Adzookie is a free mobile advertising network with a plan to get noticed. The company’s CEO, Romeo Mendoza, is looking for houses to turn into Adzookie billboards. In return for the exterior surface rights to the house, Adzookie will pay the homeowner’s mortgage for the duration of time–anywhere from three months to one year–that the billboard is in place.
Michael Bevel of Forbes doesn’t care for the idea.
The company has already recieved over 1,000 applications, prompting Adzookie’s CEO, Romeo Mendoza, to offer this quip to CNNMoney: “It really blew my mind. I knew the economy was tough, but it’s sad to see how many homeowners are really struggling.”
Sad — but not prohibitively sad. Mendoza hasn’t thought better of his company’s program that takes advantage of the desperation (or, sure, in some cases, greed) of homeowners struggling to stay in their houses and out of foreclosure. And for those in love with the free market, of course Mendoza shouldn’t think better of his plan. If Mendoza has paint and I have a need + flat surface, then why shouldn’t we make an ad-covered house-baby?

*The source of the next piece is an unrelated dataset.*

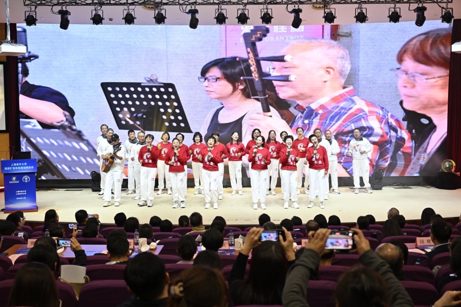 金山区老年大学的学员作学习成果展示,展现老年人的活力和魅力。

This is one of those stories that reminds me how incredibly broad the advertising business is. There are people who believe deeply in craft and in raising the bar in this business, and there are others who ask small towns to change their name for money, or 10 years of free TV, as the case may be. Then last fall two men in Iowa tattooed a radio station’s call letters on their faces for money. Now this.
Advertising is at once a carnival and a craft, and it’s all happening under one big tent. The carnival barkers and shameless promoters couldn’t care less about the craftsmen, nor about the damage they do to the industry (I suspect those concerns are not even on their radar). On the other hand, the craftsmen can’t get far enough and fast enough away from the carnies. Yet, there is no real escape. To people outside the industry it’s all advertising, and it’s almost always bad.